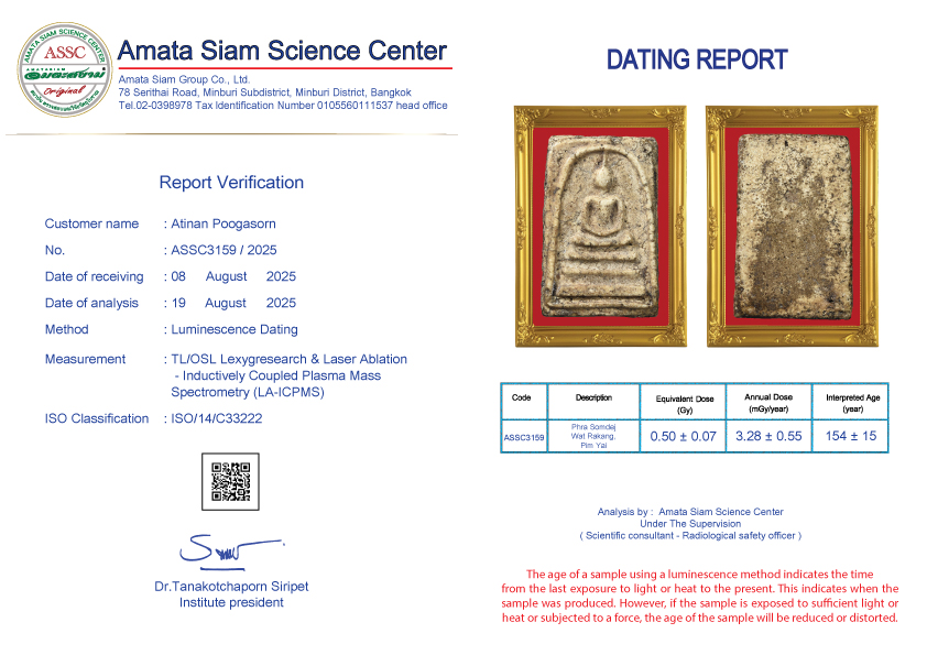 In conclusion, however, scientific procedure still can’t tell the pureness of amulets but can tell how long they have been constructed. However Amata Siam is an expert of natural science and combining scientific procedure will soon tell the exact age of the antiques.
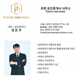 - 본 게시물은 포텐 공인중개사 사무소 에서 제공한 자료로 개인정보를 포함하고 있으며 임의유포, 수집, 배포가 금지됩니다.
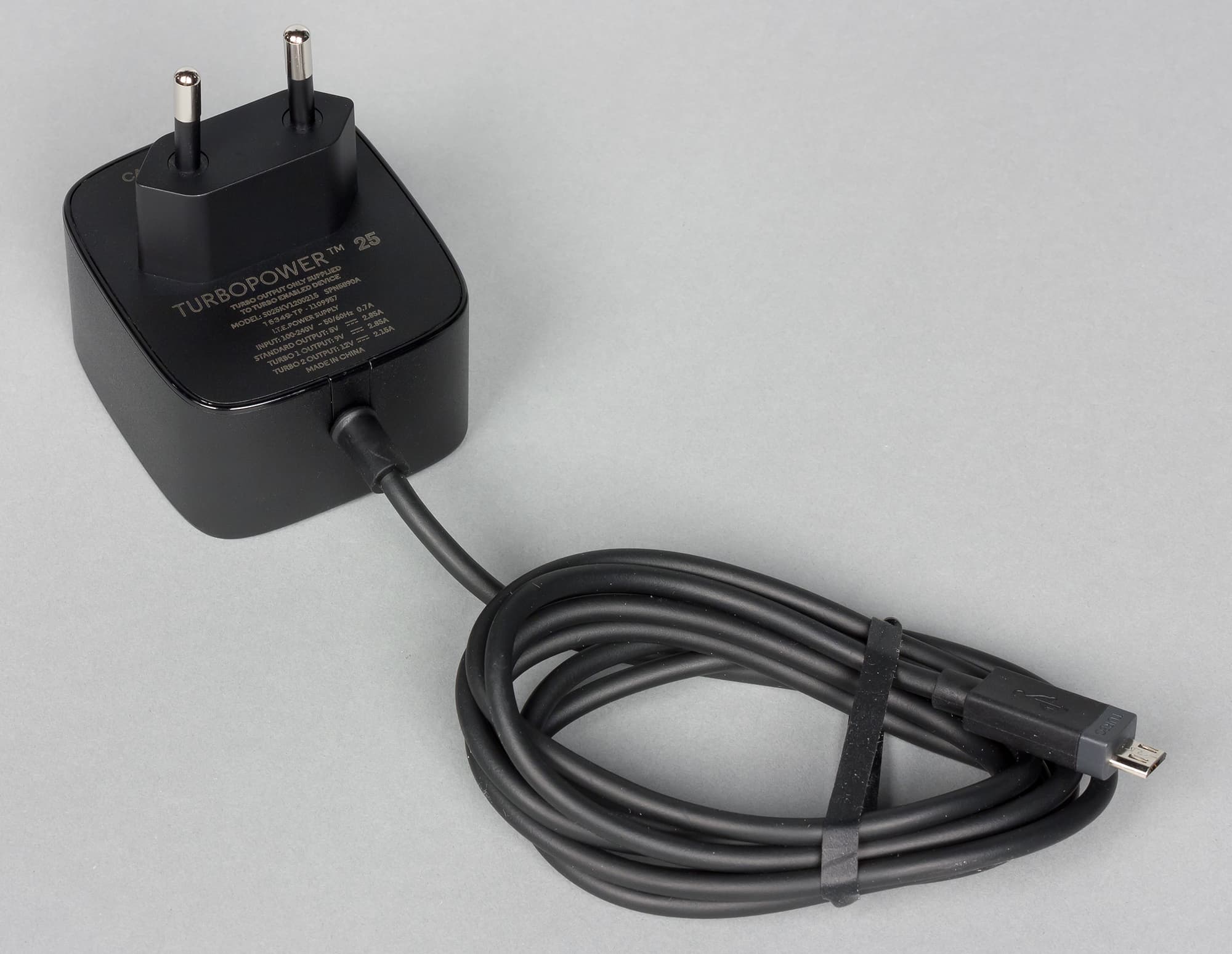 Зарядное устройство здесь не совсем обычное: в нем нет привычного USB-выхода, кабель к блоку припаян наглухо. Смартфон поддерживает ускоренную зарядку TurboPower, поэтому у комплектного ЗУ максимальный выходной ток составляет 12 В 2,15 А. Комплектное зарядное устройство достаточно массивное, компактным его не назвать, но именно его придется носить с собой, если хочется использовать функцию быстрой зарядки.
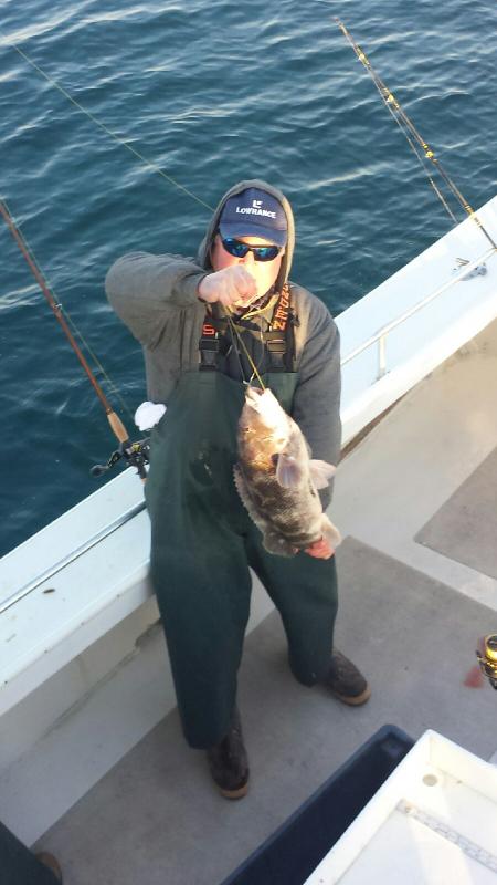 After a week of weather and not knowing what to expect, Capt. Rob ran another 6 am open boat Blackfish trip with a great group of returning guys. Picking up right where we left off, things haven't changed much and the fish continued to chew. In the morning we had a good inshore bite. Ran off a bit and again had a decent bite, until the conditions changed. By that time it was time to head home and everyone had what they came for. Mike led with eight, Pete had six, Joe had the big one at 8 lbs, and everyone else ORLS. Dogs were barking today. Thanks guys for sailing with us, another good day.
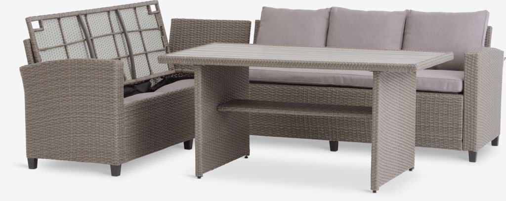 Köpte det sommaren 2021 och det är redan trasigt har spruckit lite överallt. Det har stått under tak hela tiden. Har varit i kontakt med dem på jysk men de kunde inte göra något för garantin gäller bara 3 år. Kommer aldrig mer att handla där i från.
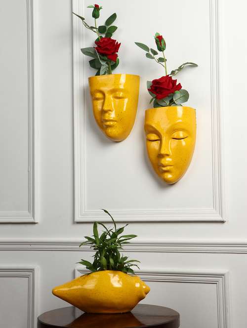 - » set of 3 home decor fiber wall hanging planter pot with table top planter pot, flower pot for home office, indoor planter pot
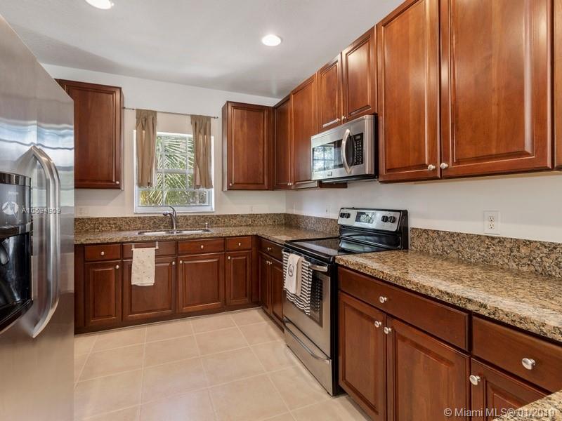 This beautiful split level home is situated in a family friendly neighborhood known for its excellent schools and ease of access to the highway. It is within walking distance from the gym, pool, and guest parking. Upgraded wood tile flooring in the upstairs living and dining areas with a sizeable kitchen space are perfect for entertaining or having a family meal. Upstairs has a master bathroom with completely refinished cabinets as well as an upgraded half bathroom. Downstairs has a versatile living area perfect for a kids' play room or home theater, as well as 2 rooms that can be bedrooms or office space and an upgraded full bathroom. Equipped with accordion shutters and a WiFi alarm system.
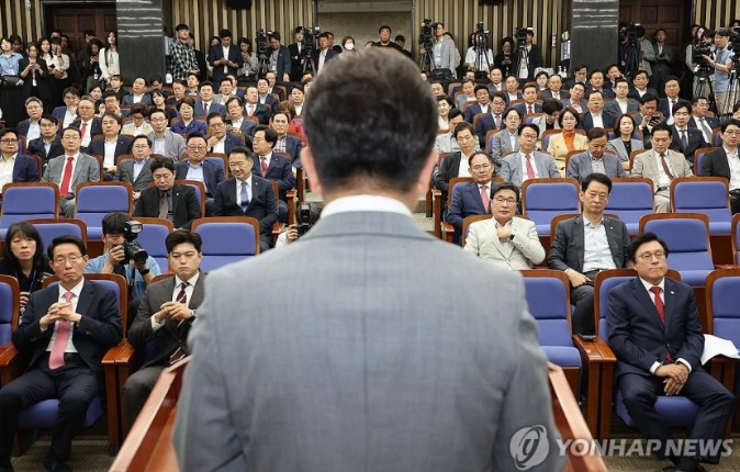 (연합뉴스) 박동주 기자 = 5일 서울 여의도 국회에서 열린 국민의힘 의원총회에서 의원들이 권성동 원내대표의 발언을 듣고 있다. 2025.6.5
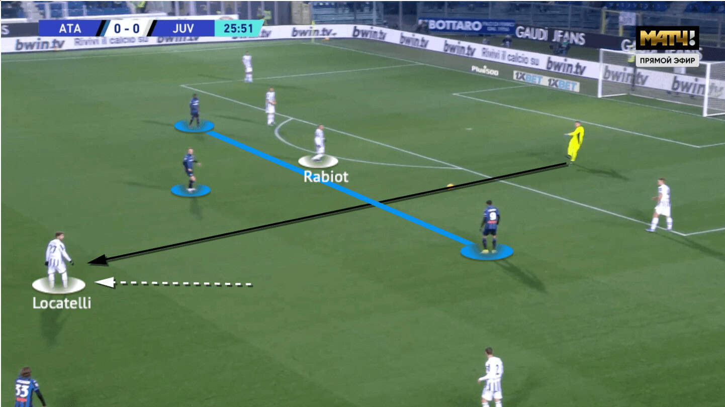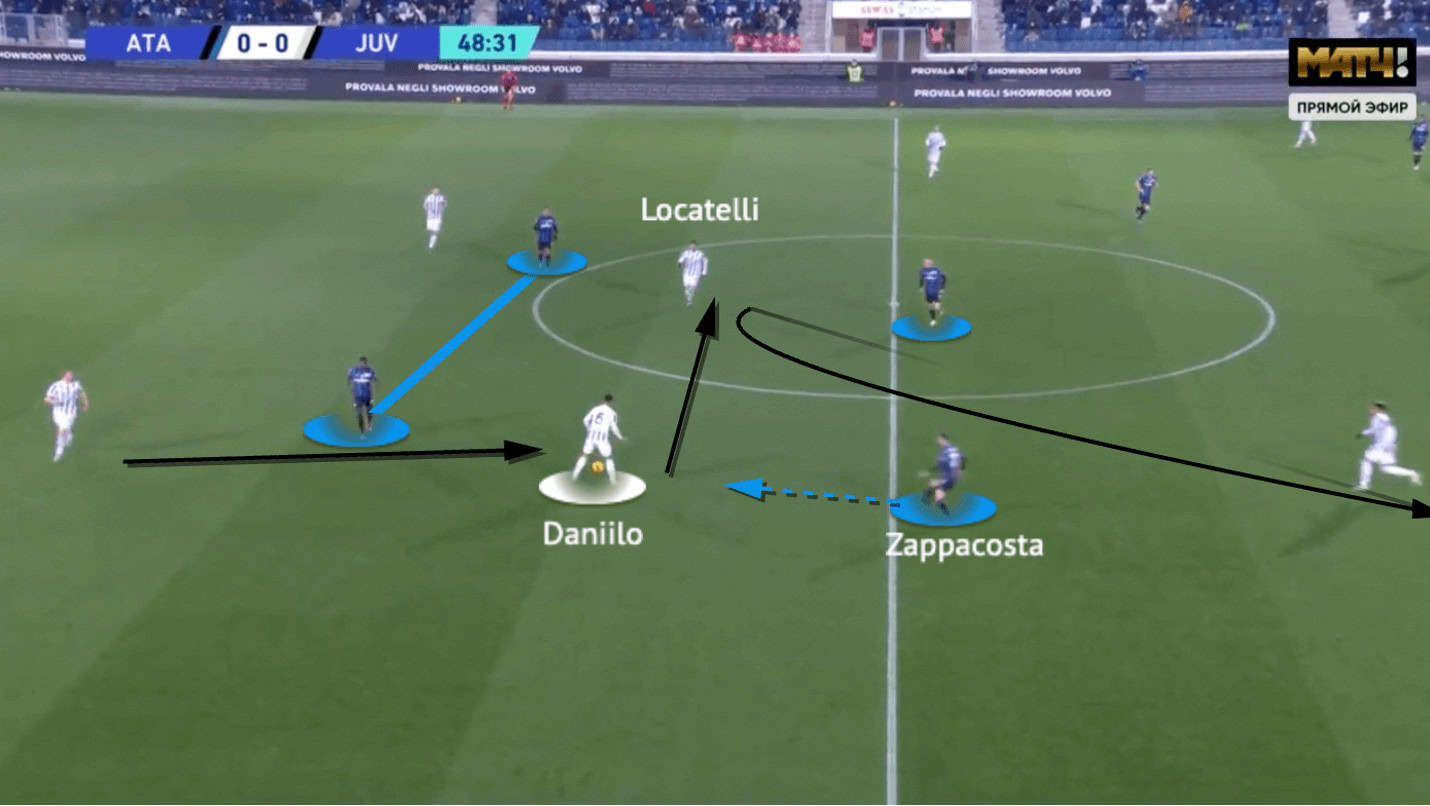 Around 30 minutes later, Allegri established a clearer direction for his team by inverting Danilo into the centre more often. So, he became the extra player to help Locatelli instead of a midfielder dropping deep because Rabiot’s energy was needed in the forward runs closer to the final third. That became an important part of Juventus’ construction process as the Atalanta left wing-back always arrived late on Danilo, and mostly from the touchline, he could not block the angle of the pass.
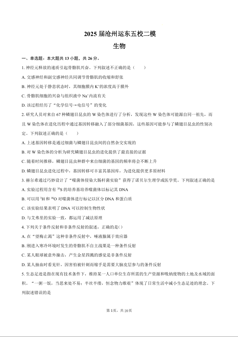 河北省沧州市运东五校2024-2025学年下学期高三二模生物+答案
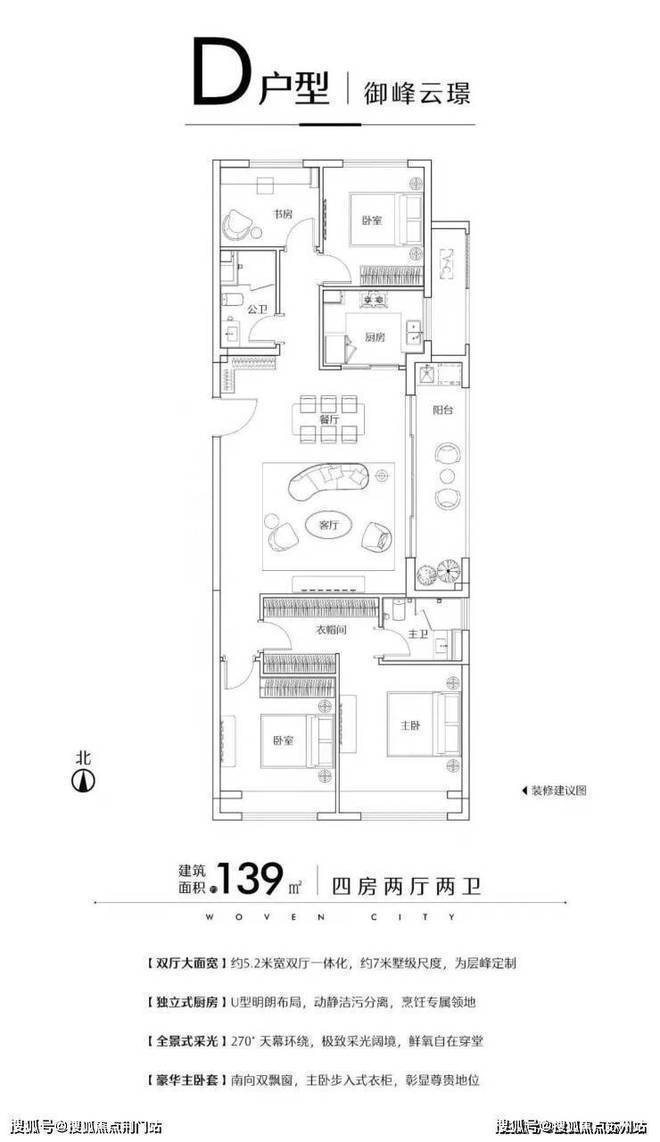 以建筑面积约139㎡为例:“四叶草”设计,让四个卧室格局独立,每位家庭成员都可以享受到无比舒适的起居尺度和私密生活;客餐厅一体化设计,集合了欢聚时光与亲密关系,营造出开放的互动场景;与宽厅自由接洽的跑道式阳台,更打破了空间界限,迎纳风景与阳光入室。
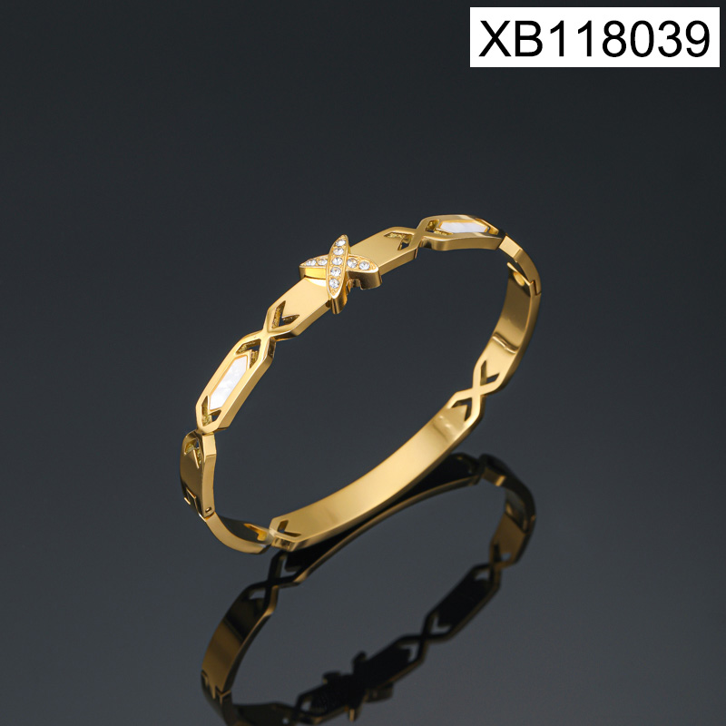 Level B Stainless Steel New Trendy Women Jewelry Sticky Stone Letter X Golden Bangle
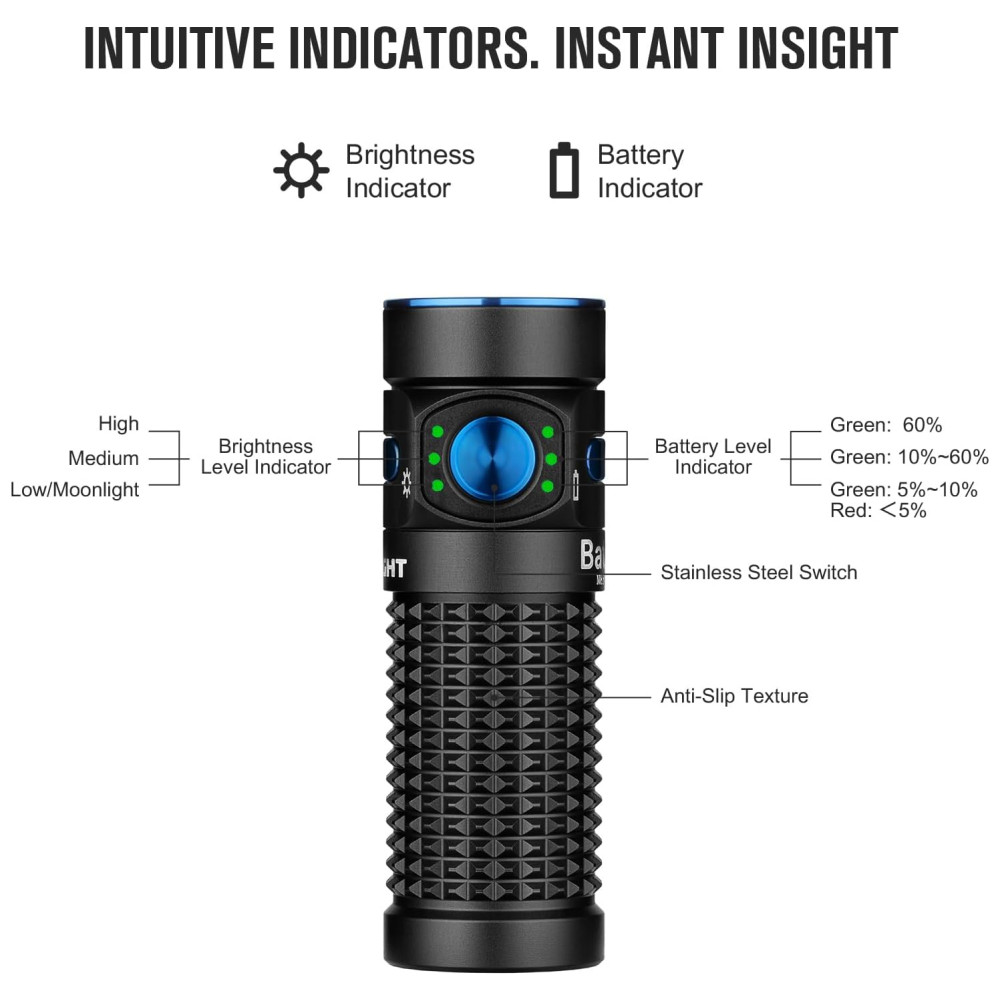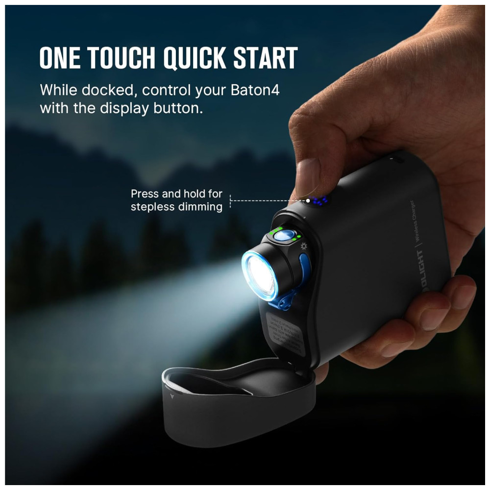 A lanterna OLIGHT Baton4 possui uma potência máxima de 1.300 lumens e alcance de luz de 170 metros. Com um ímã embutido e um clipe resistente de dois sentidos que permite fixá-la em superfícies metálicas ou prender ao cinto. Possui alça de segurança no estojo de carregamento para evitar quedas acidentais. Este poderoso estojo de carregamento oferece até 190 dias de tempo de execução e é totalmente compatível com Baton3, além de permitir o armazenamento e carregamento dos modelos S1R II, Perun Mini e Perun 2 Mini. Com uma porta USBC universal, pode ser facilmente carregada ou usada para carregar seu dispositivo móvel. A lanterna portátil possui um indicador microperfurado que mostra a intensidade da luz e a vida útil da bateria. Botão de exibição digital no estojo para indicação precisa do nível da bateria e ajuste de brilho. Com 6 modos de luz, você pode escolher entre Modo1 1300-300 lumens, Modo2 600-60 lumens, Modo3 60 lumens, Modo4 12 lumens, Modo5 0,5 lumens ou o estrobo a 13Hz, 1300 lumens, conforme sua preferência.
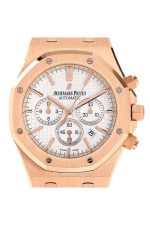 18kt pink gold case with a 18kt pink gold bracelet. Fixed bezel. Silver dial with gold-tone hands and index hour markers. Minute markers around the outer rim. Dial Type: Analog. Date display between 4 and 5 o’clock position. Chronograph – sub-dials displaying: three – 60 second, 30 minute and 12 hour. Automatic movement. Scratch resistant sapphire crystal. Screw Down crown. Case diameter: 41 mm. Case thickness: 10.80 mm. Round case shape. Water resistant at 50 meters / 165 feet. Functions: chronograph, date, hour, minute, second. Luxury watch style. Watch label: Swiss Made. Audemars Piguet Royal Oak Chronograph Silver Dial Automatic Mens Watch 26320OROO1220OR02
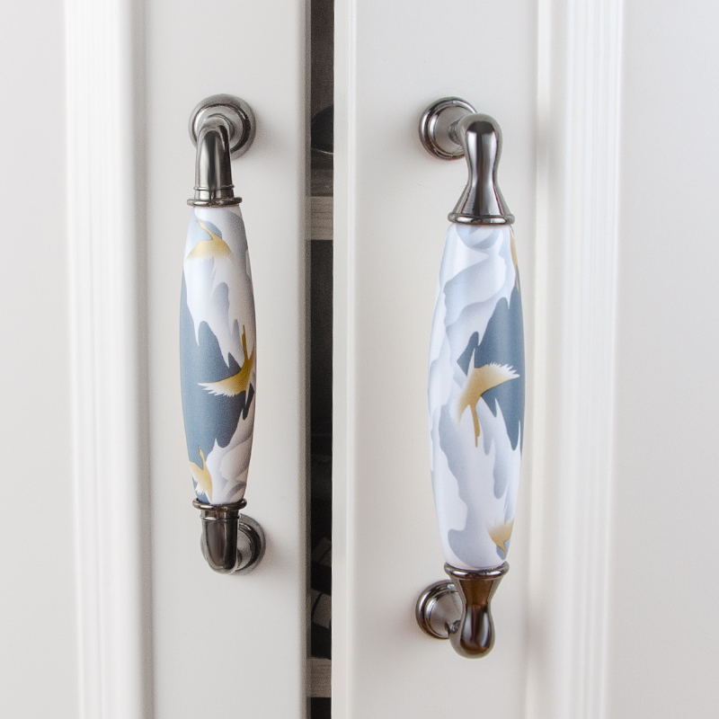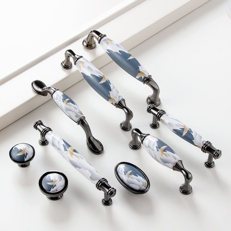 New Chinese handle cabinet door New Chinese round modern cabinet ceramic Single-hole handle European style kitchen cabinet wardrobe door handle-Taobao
● ● ● ● ●
_Assigned task_: Although the records hold pictures, the copy must not; give again exactly the lines from the one with "This beautiful split" through the one with "Level B Stainless".

_Response to this exercise_:
 This beautiful split level home is situated in a family friendly neighborhood known for its excellent schools and ease of access to the highway. It is within walking distance from the gym, pool, and guest parking. Upgraded wood tile flooring in the upstairs living and dining areas with a sizeable kitchen space are perfect for entertaining or having a family meal. Upstairs has a master bathroom with completely refinished cabinets as well as an upgraded half bathroom. Downstairs has a versatile living area perfect for a kids' play room or home theater, as well as 2 rooms that can be bedrooms or office space and an upgraded full bathroom. Equipped with accordion shutters and a WiFi alarm system.
 (연합뉴스) 박동주 기자 = 5일 서울 여의도 국회에서 열린 국민의힘 의원총회에서 의원들이 권성동 원내대표의 발언을 듣고 있다. 2025.6.5
 Around 30 minutes later, Allegri established a clearer direction for his team by inverting Danilo into the centre more often. So, he became the extra player to help Locatelli instead of a midfielder dropping deep because Rabiot’s energy was needed in the forward runs closer to the final third. That became an important part of Juventus’ construction process as the Atalanta left wing-back always arrived late on Danilo, and mostly from the touchline, he could not block the angle of the pass.
 河北省沧州市运东五校2024-2025学年下学期高三二模生物+答案
 以建筑面积约139㎡为例:“四叶草”设计,让四个卧室格局独立,每位家庭成员都可以享受到无比舒适的起居尺度和私密生活;客餐厅一体化设计,集合了欢聚时光与亲密关系,营造出开放的互动场景;与宽厅自由接洽的跑道式阳台,更打破了空间界限,迎纳风景与阳光入室。
 Level B Stainless Steel New Trendy Women Jewelry Sticky Stone Letter X Golden Bangle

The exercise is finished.